The following is a proof of Weierstrass’ M-test:
Let $\{v_{n}\}$ be a sequence of continuous functions on the interval $[a, b]$, and assume that there is a convergent series $\sum_{n=1}^{\infty} M_{n}$ of positive numbers such that $|v_{n}(x)| \le M_{n}$ for all $n$. Then series $\sum_{n=1}^{\infty} v_{n}(x)$ converges uniformly on $[a, b]$.
Proof: Since $(C([a, b], \mathbb{R}), \rho)$ is complete, we only need to check that the partial sums $s_{n}(x) = \sum_{k=0}^{n} v_{k}(x)$ form a Cauchy sequence. Since the series $\sum_{n=0}^{\infty} M_{n}$ converges, we know that its partial sums $S_{n}=\sum_{k=0}^{n} M_{k}$ form a Cauchy sequence.

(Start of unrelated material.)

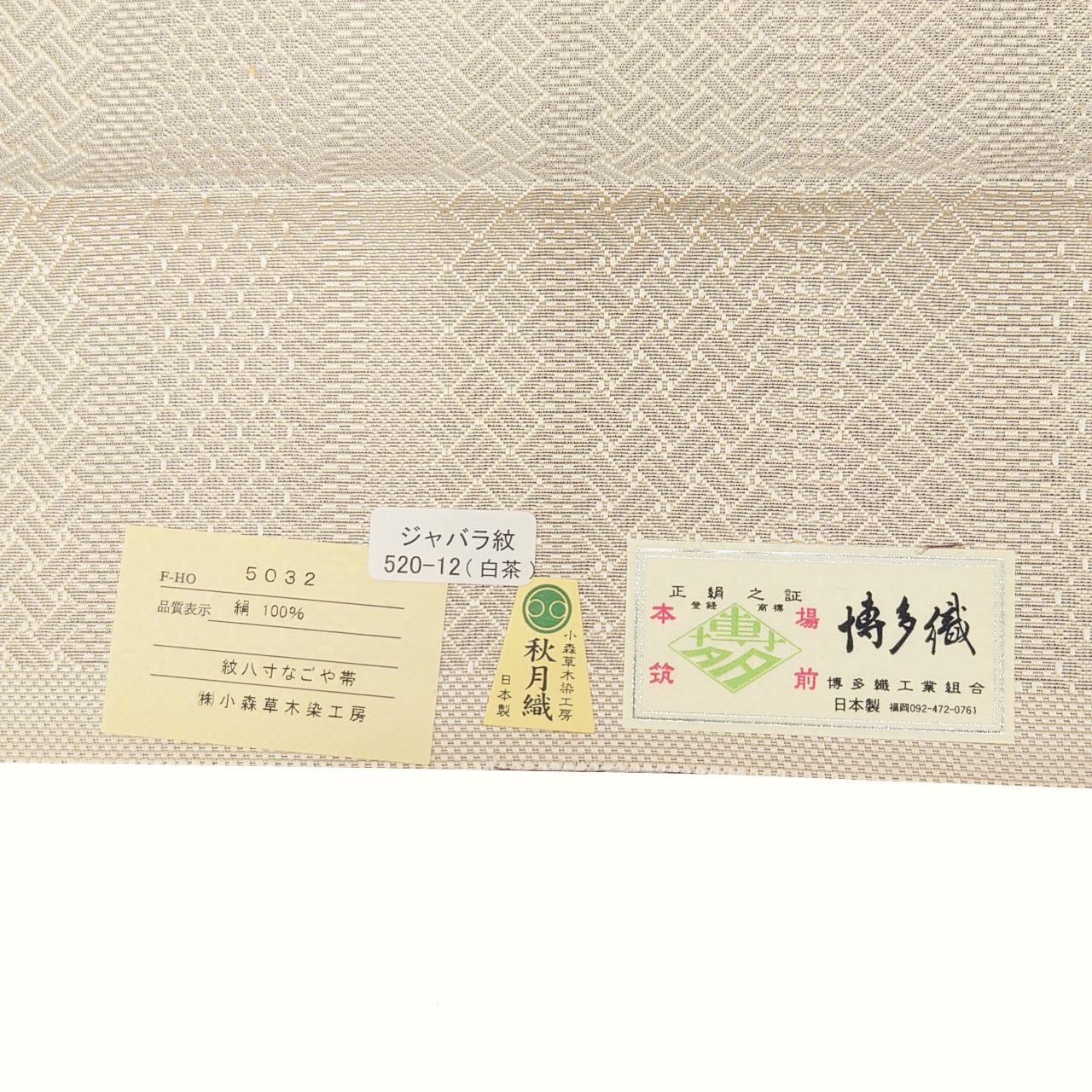 小森草木染工房 本場筑前博多織 「ジャバラ紋」八寸名古屋帯 【未着用品】

Since for all $x \in [a, b]$ and all $m > n$, $$|s_{m}(x) − s_{n}(x)| = |\sum_{k=n+1}^{m}v_{k}(x)| \le \sum_{k=n+1}^{m} |v_{k}(x)| \le \sum_{k=n+1}^{m} M_{k} = |S_{m}-S_{n}|,$$
this implies that $\{s_{n}\}$ is a Cauchy sequence.
So, while I understand that the partial sums $S_{n}=\sum_{k=0}^{n} M_{k}$ form a Cauchy sequence as a result of convergence of $\sum_{n=0}^{\infty} M_{n}$, how do we know that $m > n$ are sufficiently large so that $|S_{m}-S_{n}|$ converges and is a Cauchy sequence?